Le panier de fruits se trouvait face à moi, mais les chaînes m’empêchaient de l’atteindre. Je continuais à tirer dessus, faisant fi de l’épuisement. Mon ventre poussait des gargouillements assourdissants et la vue de cette nourriture inaccessible me rendait folle. Même en fermant les yeux, la vue de ces aliments me hantait encore et encore.

Glup ! Glup !

Jamais je ne m’étais sentie aussi pitoyable. Deux créatures me tenaient entre leurs griffes, deux créatures capables de me détruire s’ils le décidaient. Je n’étais pas assez puissante pour les affronter. Malgré mes efforts acharnés, j’avais été prise à mon propre piège. Aleksandar me torturerait jusqu’à me voir brisée, Laurent quant à lui me réserverait un châtiment exemplaire s’il venait à me retrouver.

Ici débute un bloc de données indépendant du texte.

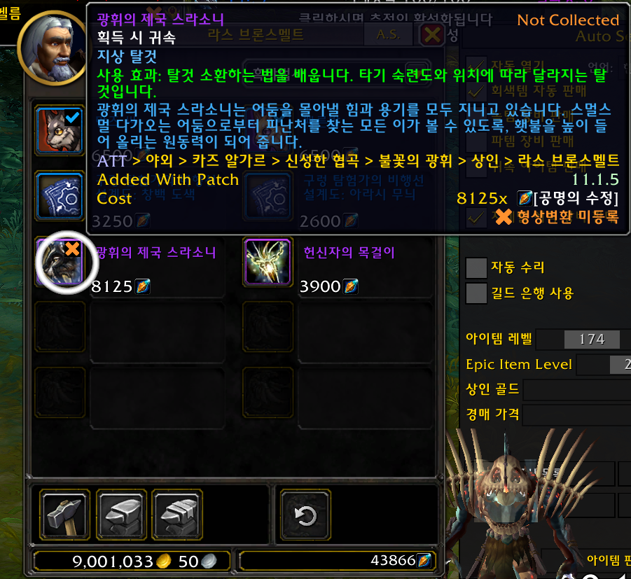 광휘의 제국 스라소니 탈것은 내부전쟁 확장팩 탈것으로

Lasse de me débattre, je m’agenouillai au sol, refoulant mes sanglots. Il était trop tard pour pleurer. Le mal avait été fait et je devais impérativement trouver une solution. Quelque part en Europe, Élise veillait. Elle était mon dernier espoir et ne m’abandonnerait pas, même si elle rêvait probablement de me tirer une balle en plein cœur.

Elle était trop loyale à l’Agencija pour me trahir.

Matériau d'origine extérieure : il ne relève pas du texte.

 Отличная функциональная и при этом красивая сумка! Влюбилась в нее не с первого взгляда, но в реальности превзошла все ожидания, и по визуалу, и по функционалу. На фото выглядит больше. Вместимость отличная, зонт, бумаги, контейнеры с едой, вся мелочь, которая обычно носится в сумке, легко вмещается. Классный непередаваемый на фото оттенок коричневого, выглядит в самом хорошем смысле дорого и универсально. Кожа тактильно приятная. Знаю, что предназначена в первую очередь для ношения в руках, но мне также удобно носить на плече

Un peu plus tard, Charles revint, une bouteille d’eau et une serviette à la main. Avec précaution, il me libéra de mes entraves et me tendit la bouteille.

Je la bus d’une traite avant de me précipiter, affamée, vers le bol de fruits. Mes jambes étaient en coton et je poussai un gémissement lorsque je faillis trébucher aux pieds de mon gardien. Je renonçais avec tristesse à toutes tentatives de l’affronter. Mes chances étaient trop minces. En dépit de son air éteint, Charles était musclé et imposant. S’il redoutait probablement mes dons de sorcière, il me considérait avant tout comme une poupée de porcelaine, douce et fragile.

En temps normal, je n’aurais eu aucun mal à le mettre à terre. Je pratiquais les arts martiaux depuis mon recrutement à l’Agencija et tuer un homme pour survivre ne me posait aucun problème. Hélas, il me fallait attendre encore un peu. Même si je l’éliminais maintenant, il me faudrait sortir de cette prison.

Je me trouvais probablement en République Tchèque, dans le fief du clan de Prague, situé près de la frontière polonaise. Aleksandar n’aurait pas pris le risque de m’amener ailleurs : il tenait trop à moi pour cela. Il me fallait donc identifier les échappatoires possibles et prendre la poudre d’escampette avant le début des hostilités.

Charles attrapa soudain mon bras et m’invita à sortir.

— Pas de folie, marmonna-t-il. S’il m’arrive quoi que ce soit, une dizaine d’hommes se chargeront de vous ramener dans votre cellule. Les couloirs sont sous vidéo-surveillance.

J’ébauchai un rictus en signe de défi et me contentai d’avancer en silence, observant les couloirs que nous traversions. Au vu des dédales que ces derniers formaient, ma fuite ne serait pas aisée. Nous nous trouvions visiblement dans un sous-sol, même si de fines ouvertures permettaient à la lumière du jour de passer. Si je me fiais à la source d’eau qui s’écoulait non loin de ma cellule, une sortie se trouvait forcément à proximité.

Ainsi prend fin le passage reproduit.